**Instructions to follow:** Retype the data exactly, from its first line to the line containing "Brand - Lifestyel.", including both, and skip any picture.
::::::::
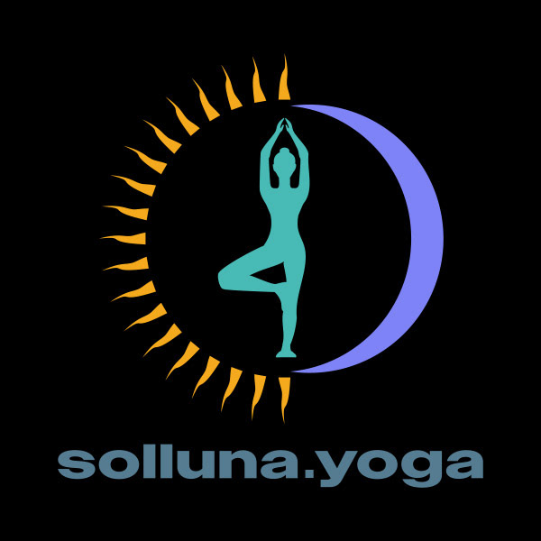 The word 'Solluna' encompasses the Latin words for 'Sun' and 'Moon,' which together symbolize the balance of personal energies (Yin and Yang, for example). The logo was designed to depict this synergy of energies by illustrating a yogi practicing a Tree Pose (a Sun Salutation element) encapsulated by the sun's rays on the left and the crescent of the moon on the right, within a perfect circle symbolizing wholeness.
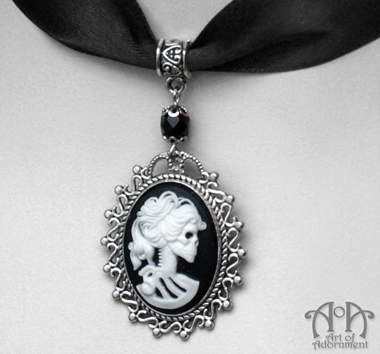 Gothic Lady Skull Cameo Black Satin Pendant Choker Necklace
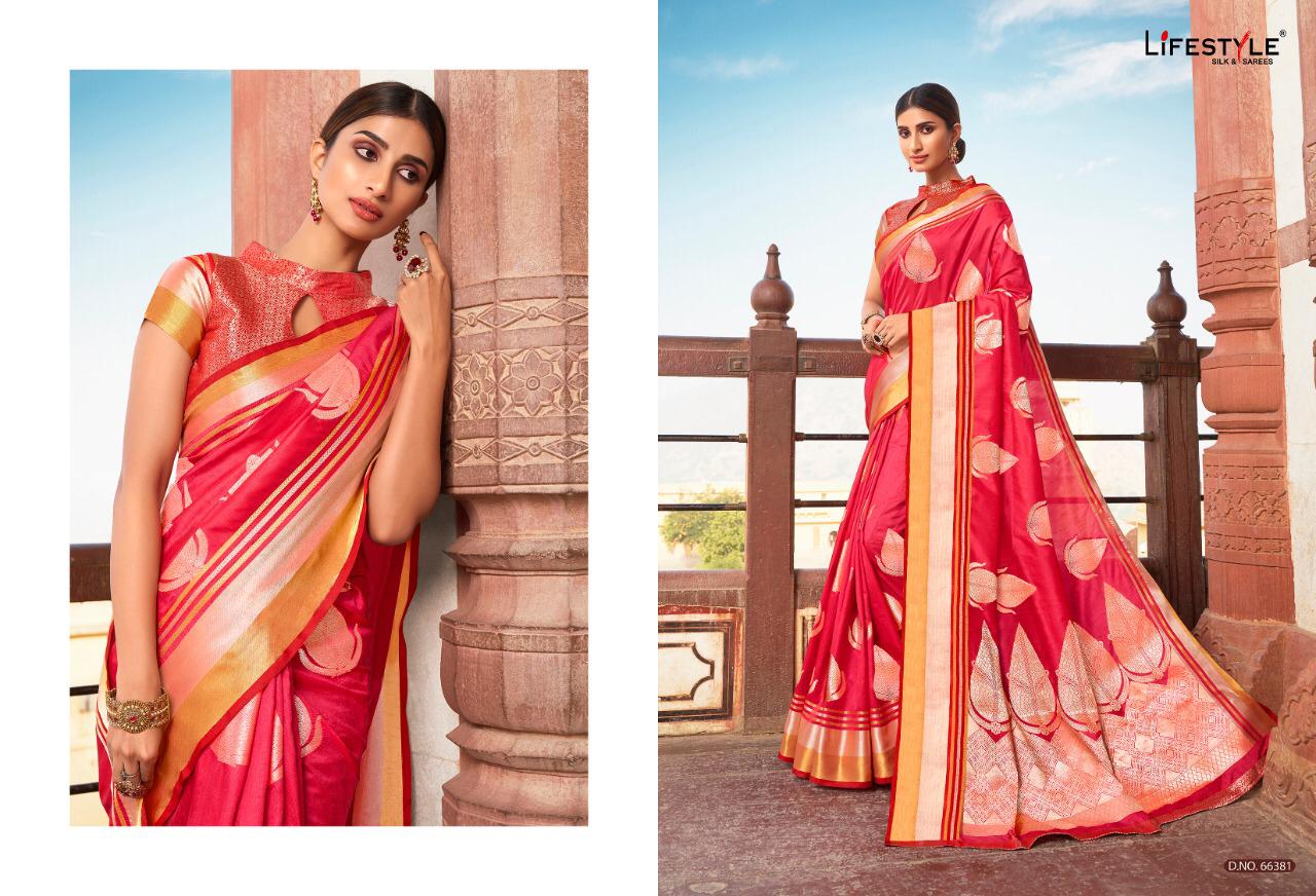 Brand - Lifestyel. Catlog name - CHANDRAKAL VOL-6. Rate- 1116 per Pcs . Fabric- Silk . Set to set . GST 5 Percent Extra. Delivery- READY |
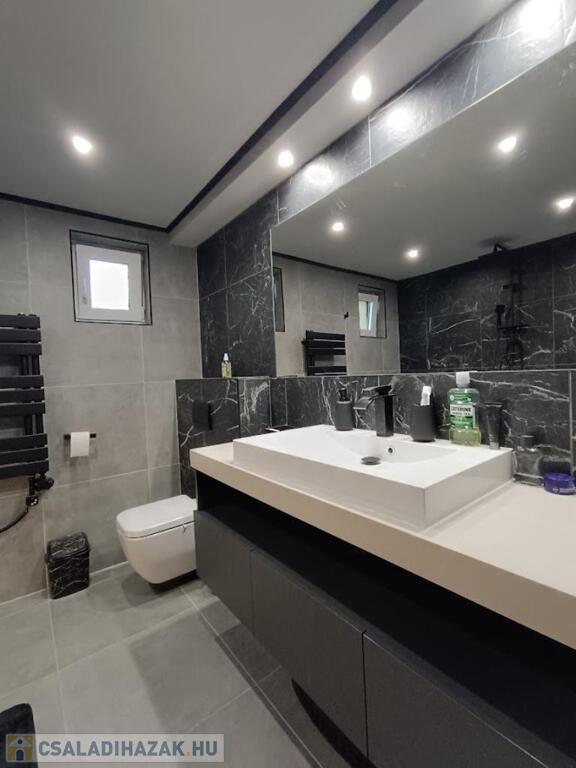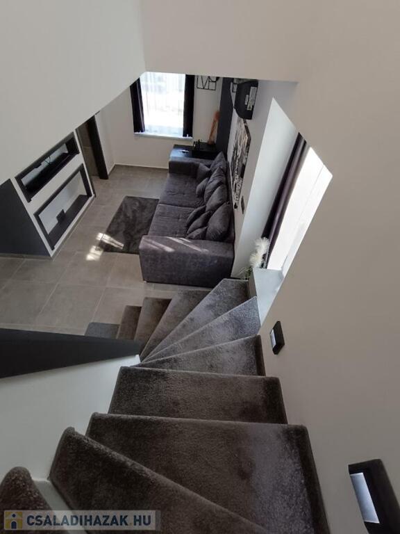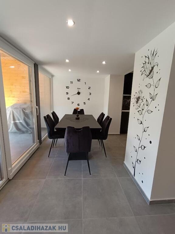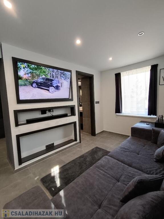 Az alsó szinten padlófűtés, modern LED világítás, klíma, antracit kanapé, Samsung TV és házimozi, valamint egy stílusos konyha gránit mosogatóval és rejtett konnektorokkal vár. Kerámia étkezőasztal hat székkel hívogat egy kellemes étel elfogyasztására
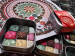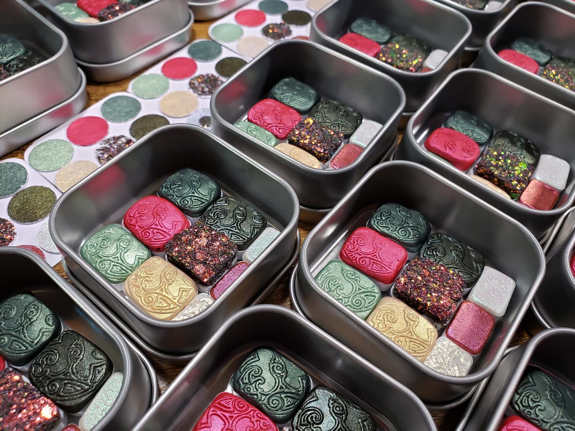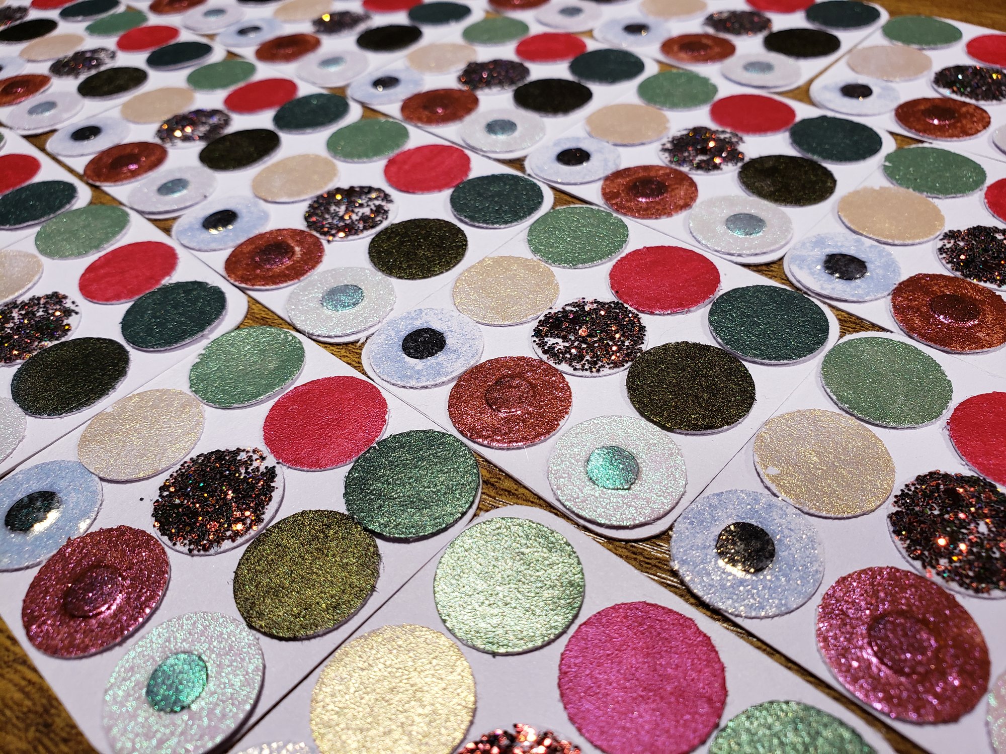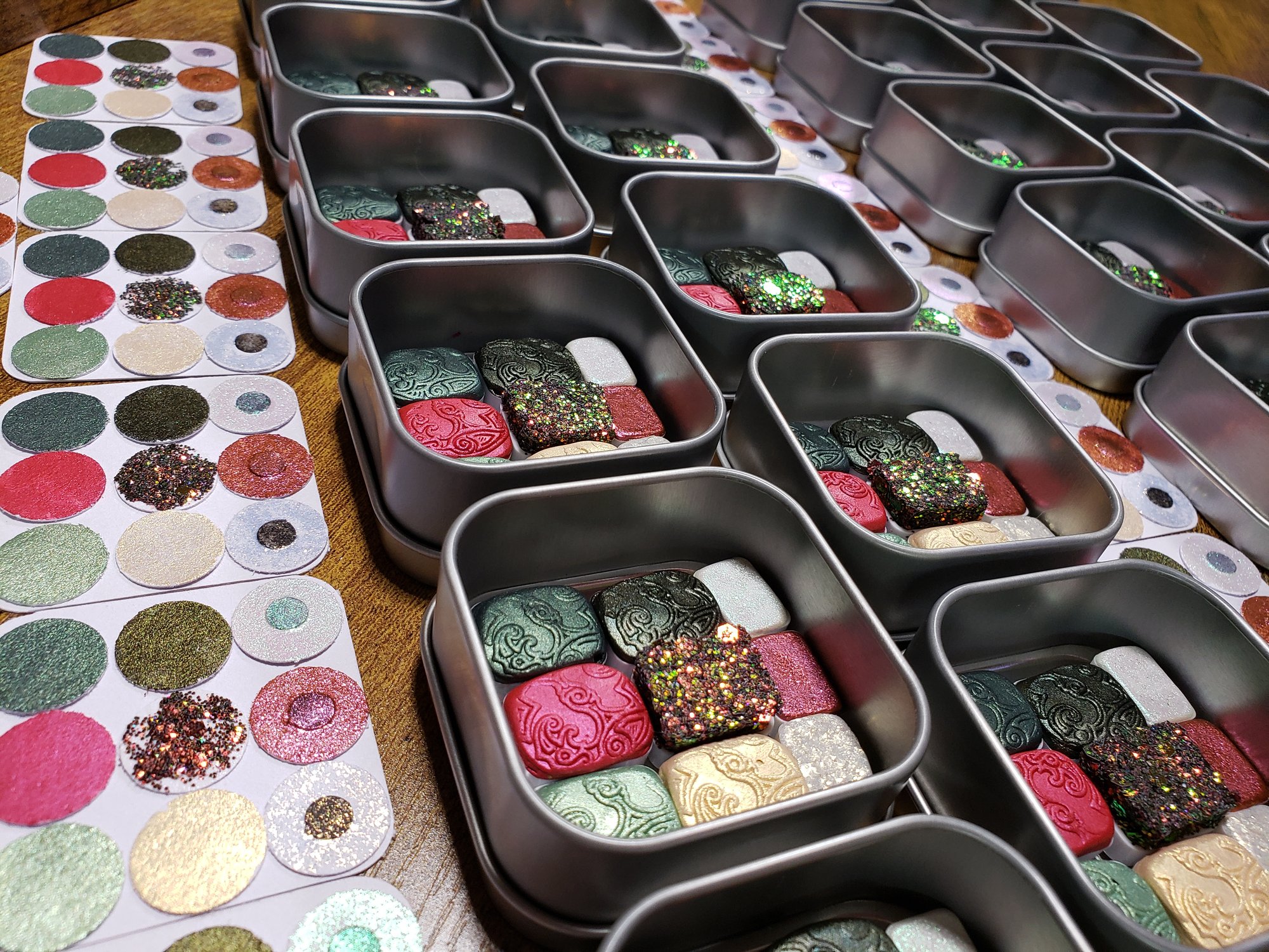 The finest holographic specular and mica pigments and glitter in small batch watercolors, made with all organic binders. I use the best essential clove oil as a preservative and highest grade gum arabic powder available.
::::::::
**Solution for this task:**
 The word 'Solluna' encompasses the Latin words for 'Sun' and 'Moon,' which together symbolize the balance of personal energies (Yin and Yang, for example). The logo was designed to depict this synergy of energies by illustrating a yogi practicing a Tree Pose (a Sun Salutation element) encapsulated by the sun's rays on the left and the crescent of the moon on the right, within a perfect circle symbolizing wholeness.
 Gothic Lady Skull Cameo Black Satin Pendant Choker Necklace
 Brand - Lifestyel. Catlog name - CHANDRAKAL VOL-6. Rate- 1116 per Pcs . Fabric- Silk . Set to set . GST 5 Percent Extra. Delivery- READY |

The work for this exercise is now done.